Fazit: Chance oder Risiko?
Kommen wir nun zurück zur Ausgangsfrage: Ist das Recruiting in der Coronakrise eine Chance für Unternehmen oder in unwägbaren Zeiten zu risikobehaftet? Sie kennen mittlerweile die Antwort. Nämlich, dass es keine allgemeingültige gibt.
Die Personalgewinnung hat sich während der COVID-19-Pandemie spürbar verändert. Die Zurückhaltung und Unsicherheiten sind bei Arbeitgebern und bei Kandidaten groß. Das spiegelt sich zum einen in den Recruiting-Aktivitäten der Unternehmen wider. Zum anderen gehen die Bewerbungszahlen seit dem Lockdown zurück. Das stellen sowohl die Deutsche Bahn als auch die Deutsche Telekom fest. Ein Jobwechsel mag einigen Talenten in diesen unwägbaren Zeiten zu unsicher sein.

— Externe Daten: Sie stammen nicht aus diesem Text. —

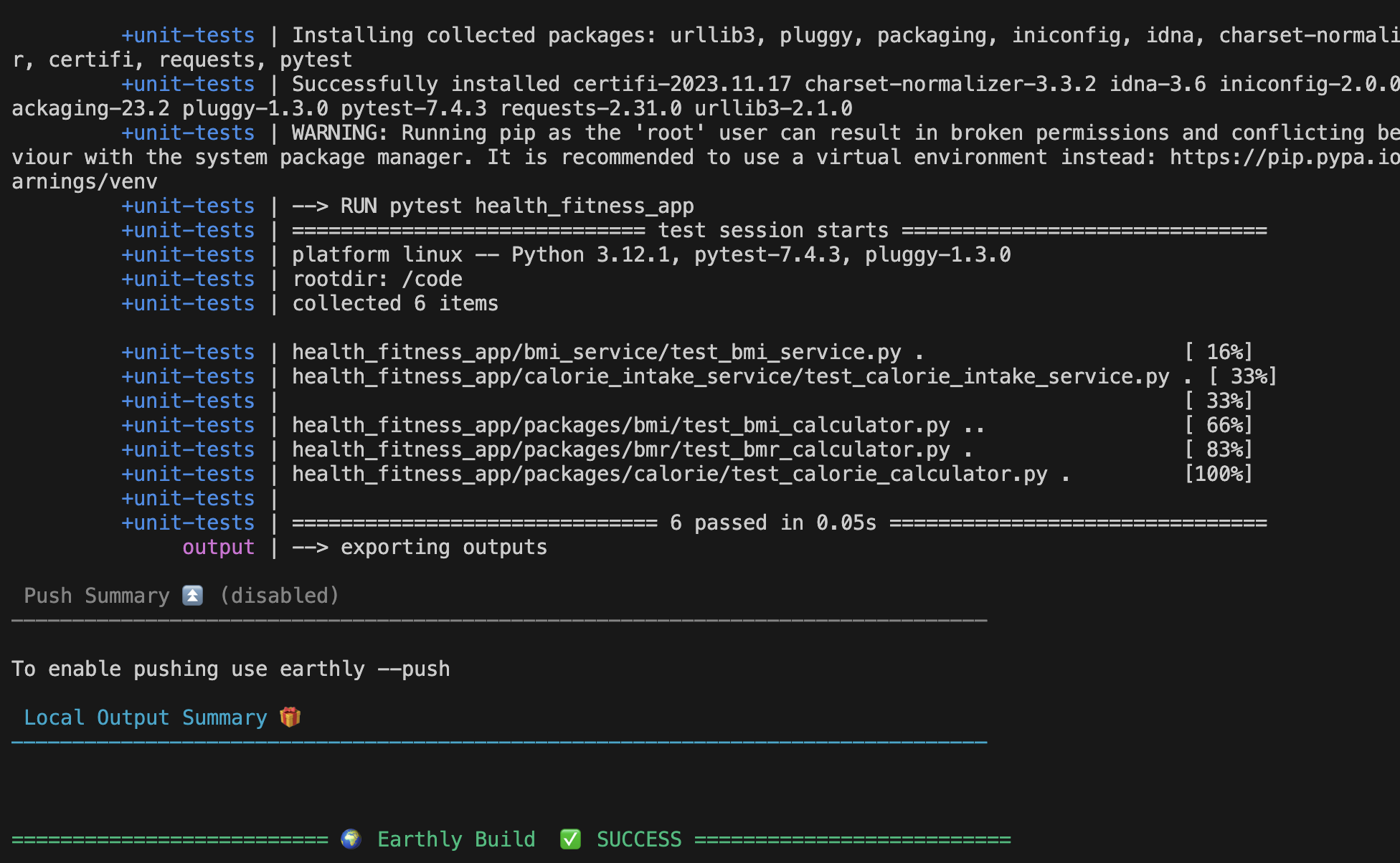 pants run health_fitness_app/main.pyYour output should look like this:

Andererseits können Kurzarbeit, Kündigungen oder die Situation für Freelancer und Selbstständige dazu führen, dass ein Jobwechsel für einige Talente gerade jetzt die richtige Lösung ist. Derart können Sie Kandidaten gewinnen, die vor der COVID-19-Pandemie nicht zur Verfügung gestanden hätten. Wichtig ist, dass Sie markieren, dass in der Krise Verstärkung gesucht wird: etwa in der Stellenanzeige, auf der Karriere-Website oder in den sozialen Netzwerken.
Wir wissen nicht, wie lange uns Corona noch in Atem halten wird. Ein Shutdown im Recruiting kann jedoch dazu führen, dass wichtige Fachkräfte nach der Krise fehlen. Das kann und wird großen Einfluss auf die Handlungs- und Zukunftsfähigkeit von Unternehmen haben.
Fragen Sie sich, wie nachhaltig Sie Ihr Recruiting gestalten möchten:
- Wie entwickeln sich die Bereiche perspektivisch?
- Sind die vakanten Positionen kurz-, mittel- oder langfristig angedacht?
- Inwiefern nimmt die Pandemie Einfluss auf diese Planung?
Definieren Sie zudem:
- Was braucht es momentan für das Recruiting?
- Wie können Sie sich intern darauf vorbereiten und wie möchten Sie Bewerbern entgegenkommen?
Möglicherweise helfen Ihnen unsere Fragestellungen und Gedanken, um zu entscheiden, welche Antwort für Ihr Unternehmen die richtige sein könnte.
Hinweis: Obgleich in diesem Beitrag nicht immer geschlechtsneutrale Formulierungen verwendet werden bzw. Schreibweisen, die die Gleichstellung der Geschlechter zum Ausdruck bringen, sind natürlich Männer und Frauen sowie Intersexuelle gleichermaßen gemeint.